For fun and comparison, I also developed a similar parser in Scala:

def telemetryMessage = for { timestamp <- intNumber
accState <- accelState
turnState <- turningState
vehicleX <- doubleNumber
vehicleY <- doubleNumber
vehicleDir <- doubleNumber
vehicleSpeed <- doubleNumber
obstacles <- objects }
yield Telemetry(timestamp, accState(), turnState(),
vehicleX, vehicleY, vehicleDir,
vehicleSpeed, obstacles)

def accelState = (
"a" ^^^ Accelerating
| "b" ^^^ Braking
| "-" ^^^ Rolling
)

def turningState = (
"l" ^^^ SoftLeft
| "L" ^^^ HardLeft
| "-" ^^^ Straight
| "r" ^^^ SoftRight
| "R" ^^^ HardRight
)

def objects = rep(objectParser)
def objectParser: Parser[Object] = (
"b" ~ spaces ~> circleParser ^^ (new Boulder(_))
| "c" ~ spaces ~> circleParser ^^ (new Crater(_))
| "h" ~ spaces ~> circleParser ^^ (new Crater(_))
| "m" ~ spaces ~> martianParser
)

def circleParser = for { x <- doubleNumber
y <- doubleNumber
r <- doubleNumber }
yield new Circle(x, y, r)

def martianParser = for { circle <- circleParser
dir <- doubleNumber
speed <- doubleNumber }
yield new Martian(circle, dir, speed)


The interesting things in the Scala implementation, although it could seem a bit ugly at first sight, are:

  • the use of a sequence operator "~>" getting rid of what has already been parsed. Indeed, when we have parsed "b " we know we need to create a Boulder object. The 'b' character and the space are then not usefull anymore

  • the use of functions to transform the parsed string into a meaningful object, like "l" ^^^ SoftLeft, creating a new SoftLeft object (it's a case class) when parsing "l"
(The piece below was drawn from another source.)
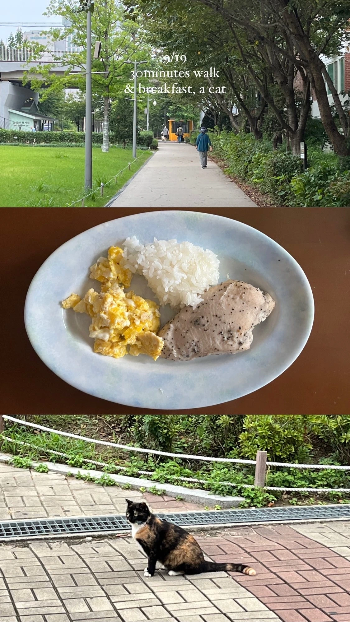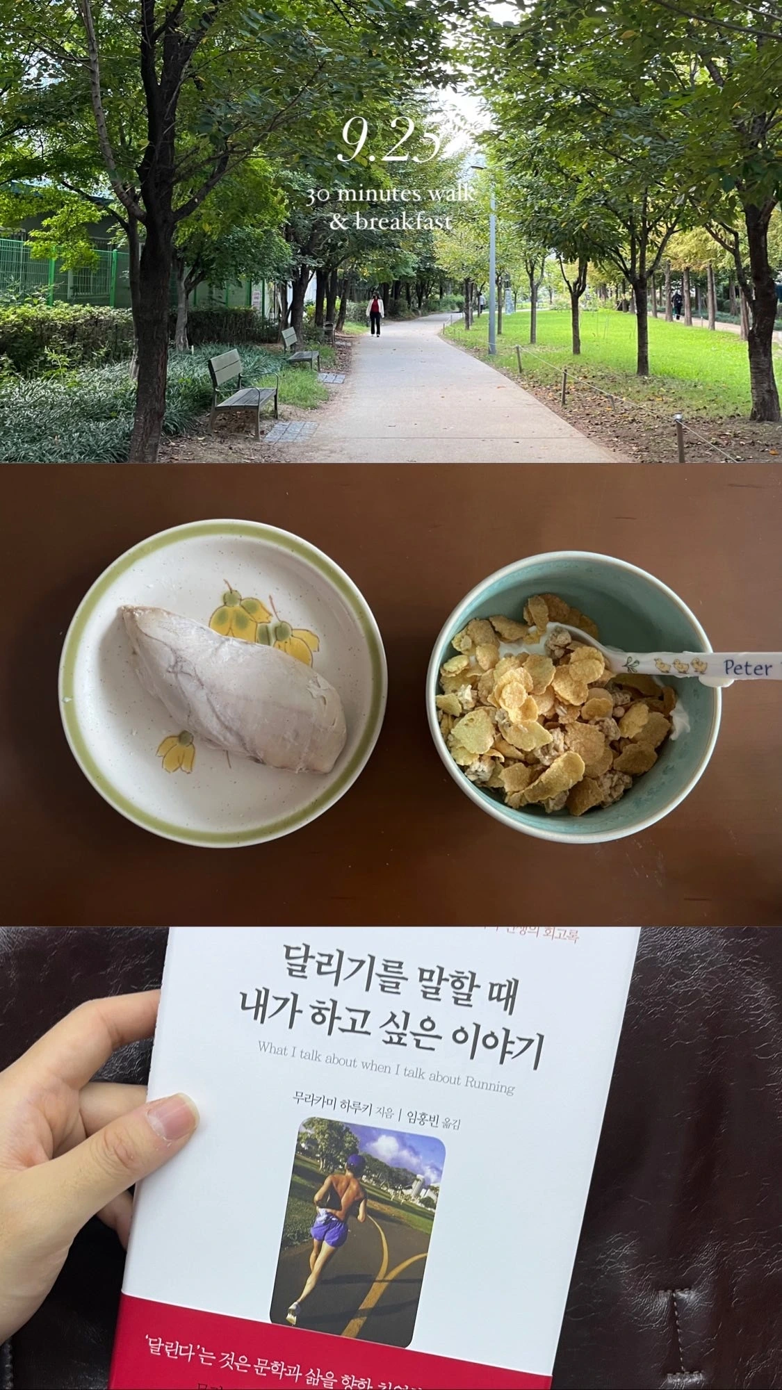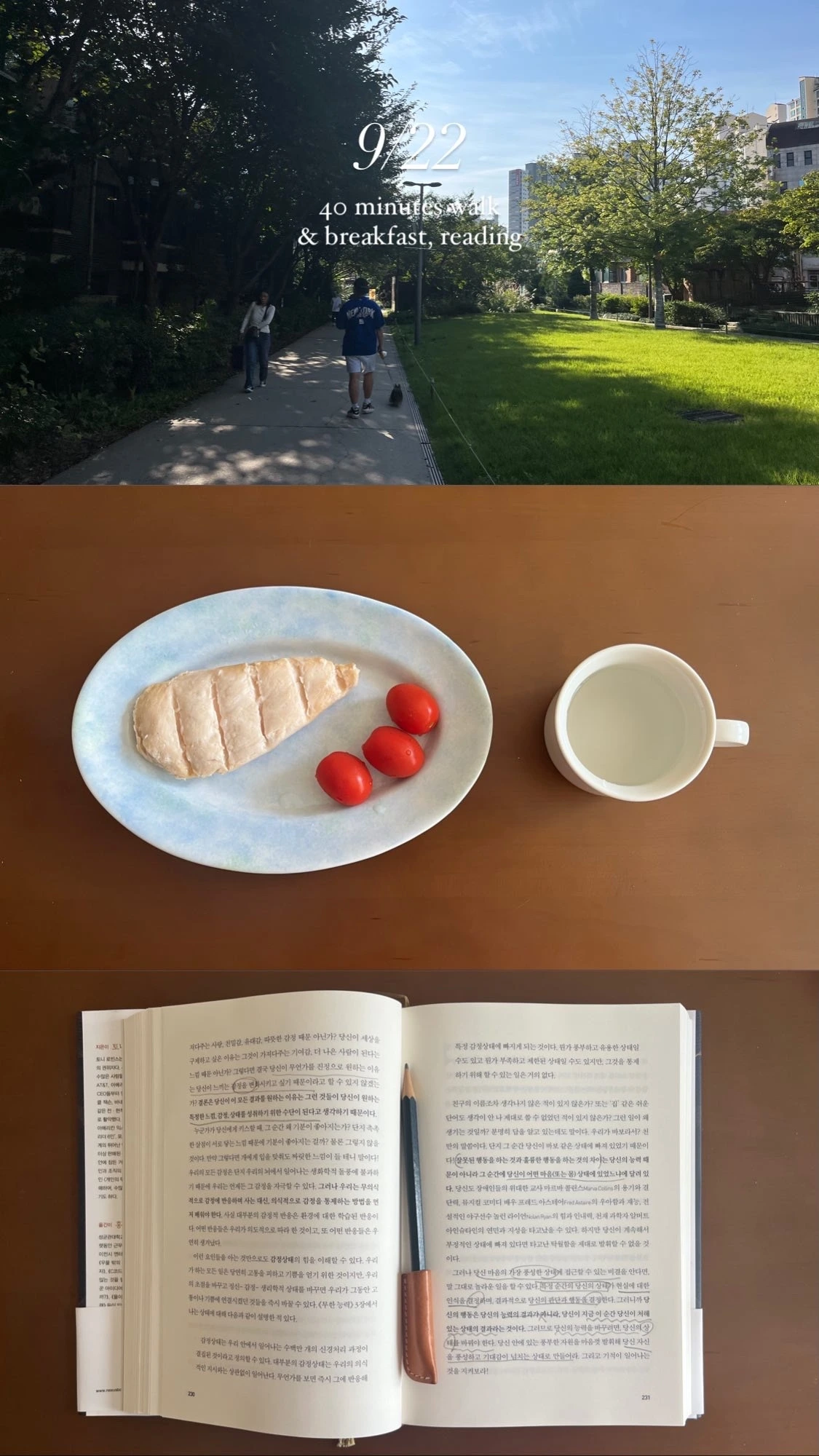 이 물음에 그렇다는 대답을 하셨다면, 역시나 저와 함께 아침을 기록해 봅시다. 위의 7가지 리스트를 보신 바와 같이 저의 아침은 매일 비슷한 패턴으로 반복됩니다. 하지만 아침의 기록들을 모아 봅시다. 매일 같은 산책길을 걷고, 같은 식사를 하더라도 하나도 같은 풍경이 없습니다. 날씨가 다르고, 산책길에서 마주치는 사람들이 다르고, 아침을 차리는 그릇이 다르지요. 틀에 박힌 일상을 살고 있는 것 같아도 나의 하루는 매일 새롭게 펼쳐지고 있습니다. 오늘 당신의 아침도 그러했을 것입니다.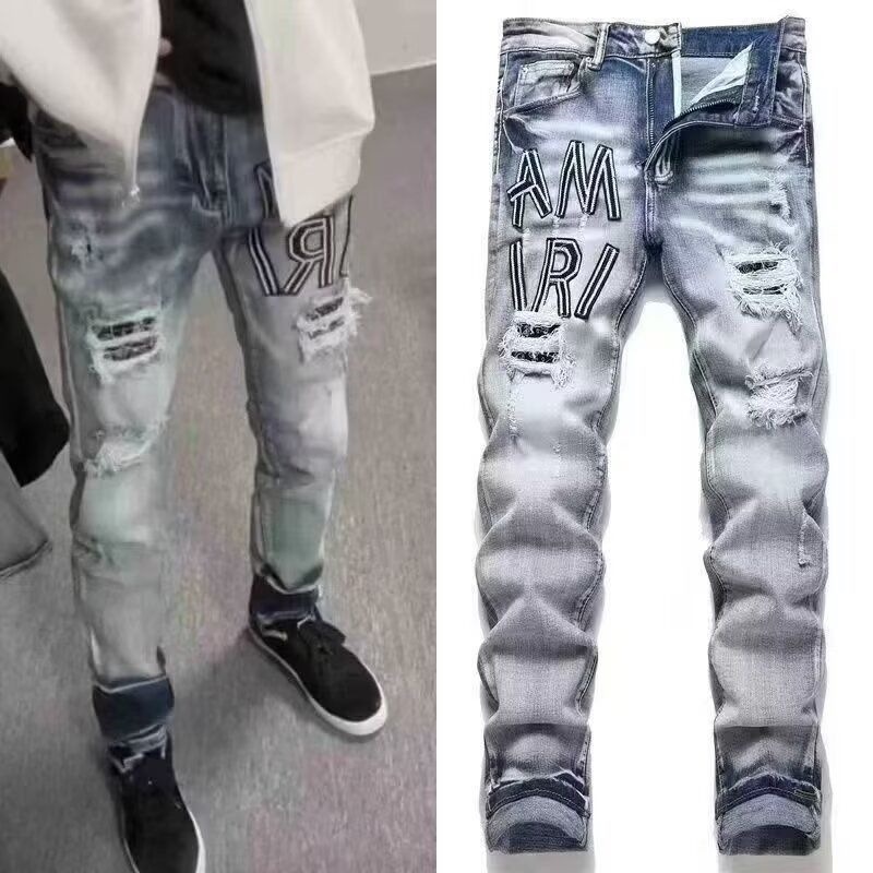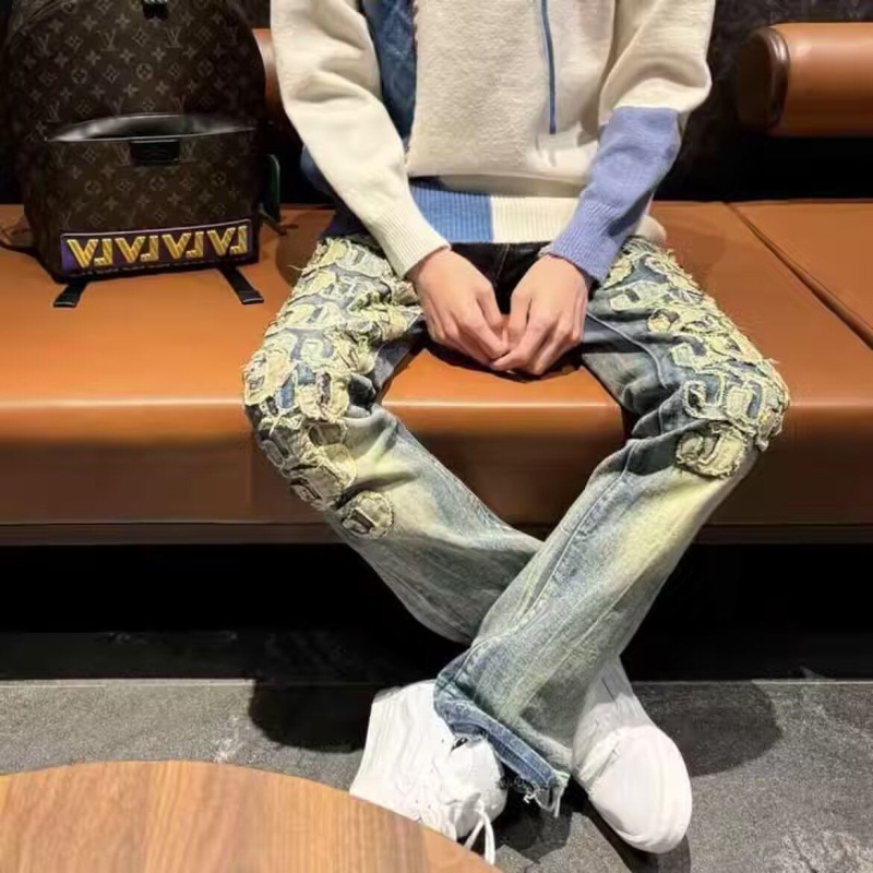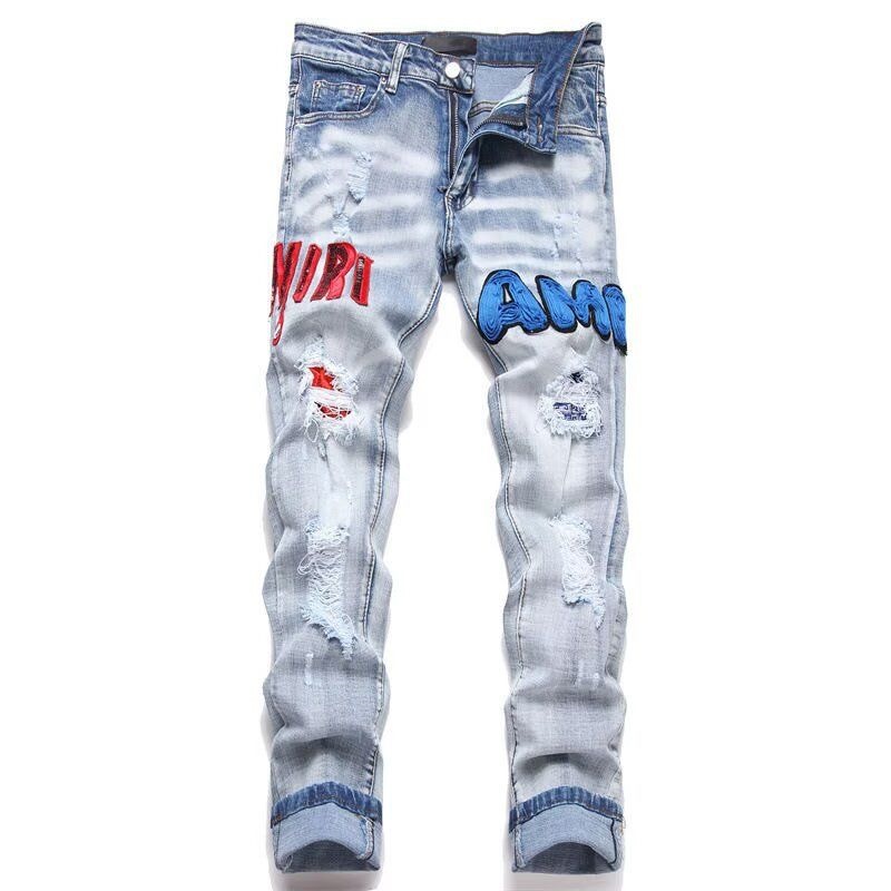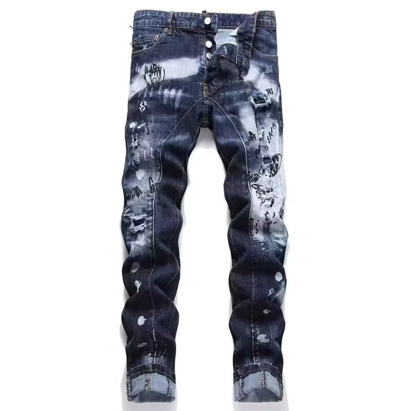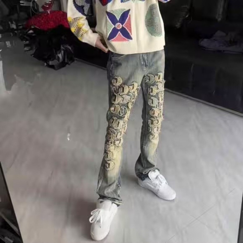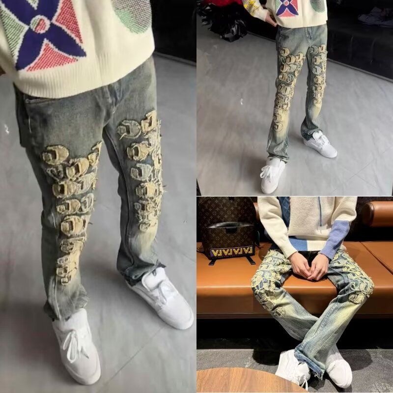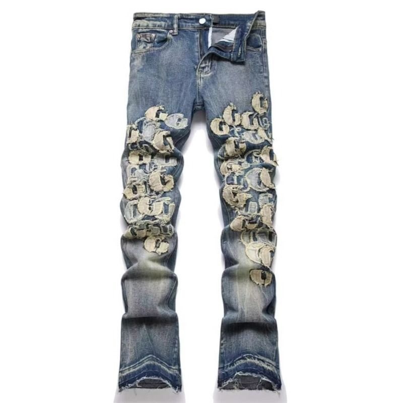 Главная страница > Модные новые прямые мужские джинсы с вышивкой в стиле пэчворк, уникальным стилем и эластичным материалом.

  • implicit definitions. In the example above I don't need to declare my parser for 'l' as letter("l"). Combining "l" with another parser automatically creates a parser for the character 'l'

Why XML?

One of the reasons for the ubiquitous adoption (and hate!) of XML is, I think, the general availability of parsers and binding libraries. This is why this often becomes the easiest option for configuration files (is it changing with YAML and JSON?).

It doesn't have to be that way. I hope that parser combinators can now bring another legitimate option when considering the implementation of an external mini-language for configuration or protocol. They're simple to use and readily available on your Java platform through Scala. Try them at home!